# Bed



## Tclem (Aug 7, 2015)

I have no idea what I'm doing. I built a club house when I was a kid. I'm a stupid electrician. Actually I did work building houses for a while and during the summers since dad was a carpenter but I didn't get the wood fever until a couple of years ago. So the wife went and bought a Walmart special toddler bed but Paxton jumped on it ( 19 mo this old ) and broke it. Man I remember doing a give a way on here when he was born. So I decided to see if I could build one. I ran out of wood and I see some mistakes already that can be corrected on the next bed hmmm hmmmm but anyway here is the start of it.

Reactions: Like 8 | Way Cool 7


----------



## davduckman2010 (Aug 7, 2015)

looking good bed tony --- I built one but it looked like the pallet next to yours

Reactions: Funny 5


----------



## Wildthings (Aug 7, 2015)

Which one is the pallet?

Reactions: Funny 6


----------



## Sprung (Aug 7, 2015)

Nice work, Tony!

(And, you're making me look bad.
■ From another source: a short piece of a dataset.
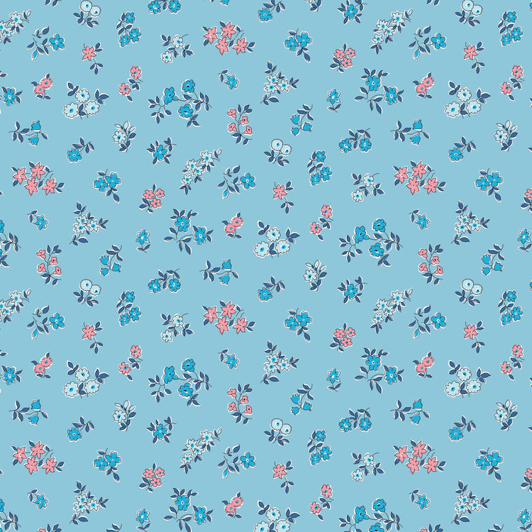 Posy Sprig D from Liberty Fabrics' Heirloom Collection is a delicate floral print inspired by hand-painted artwork. It features charming sprigs and posies in shades of blue and coral, scattered across a soft blue background. The design offers ample ground space, making it an ideal crafting coordinate reminiscent of freshly picked blooms. Traditionally screen printed onto Liberty’s 100% Lasenby cotton—a fabric specifically developed for quilting and craft projects—this fabric provides a soft yet durable finish, perfect for quilting, home décor, and heirloom sewing projects.

I've been telling my wife for a few months now that I'm going to get started on our son's new bed any time now!)

Reactions: Thank You! 1


----------



## SENC (Aug 7, 2015)

Tclem said:


> I have no idea what I'm doing. I'm stupid.




Maybe, but a pretty good first-time bedmaker! Nice work, Tony!

Reactions: Agree 1 | Funny 3


----------



## barry richardson (Aug 7, 2015)

Looking good Tony! Beds are a thing you can make, that you know will get used. I mad a bed over 20 years ago and have slept on it pretty much every night since.... except when I had to sleep on the couch

Reactions: Funny 9


----------



## Tony (Aug 7, 2015)

Very nice bed Tony! When my son was about 6, a buddy and I built 3 captain's beds for his 2 boys and mine. They weren't anywhere near as nice as yours, but mine lasted until this past summer. (He's 20 now). Great job! Tony

Reactions: Thank You! 1


----------



## davduckman2010 (Aug 7, 2015)

might


barry richardson said:


> Looking good Tony! Beds are a thing you can make, that you know will get used. I mad a bed over 20 years ago and have slept on it pretty much every night since.... except when I had to sleep on the couch


might be time to make a couch

Reactions: Like 1 | Agree 3 | Funny 3


----------



## brown down (Aug 7, 2015)

for a stupid electrician looks pretty damn good from here nicely done man!

Reactions: Thank You! 1


----------



## ripjack13 (Aug 7, 2015)

Looks good. Only thing I would do is add more slats. One closer to each side, foot and head.
Other than that I like it...


----------



## Tclem (Aug 7, 2015)

ripjack13 said:


> Looks good. Only thing I would do is add more slats. One closer to each side, foot and head.
> Other than that I like it...


Ouch. Hope I can get them in there now. Lol


----------



## Tclem (Aug 7, 2015)

I'll add some more pictures as I finish it. The one we bought had a rail on the side to keep him from rolling out but I don't know how I would build that unless I use one solid piece and router it out.


----------



## ironman123 (Aug 7, 2015)

Looking good so far. Keep us posted.

Reactions: Like 1


----------



## justallan (Aug 7, 2015)

Looks like a nice job, Tony. Instead of taking it apart to add slats, would it work to spread them apart a bit more and/or cut some thin paneling or plywood to fit below the mattress?
One other thing I'm curious about:


Tclem said:


> Man I remember doing a give a way on here when he was born.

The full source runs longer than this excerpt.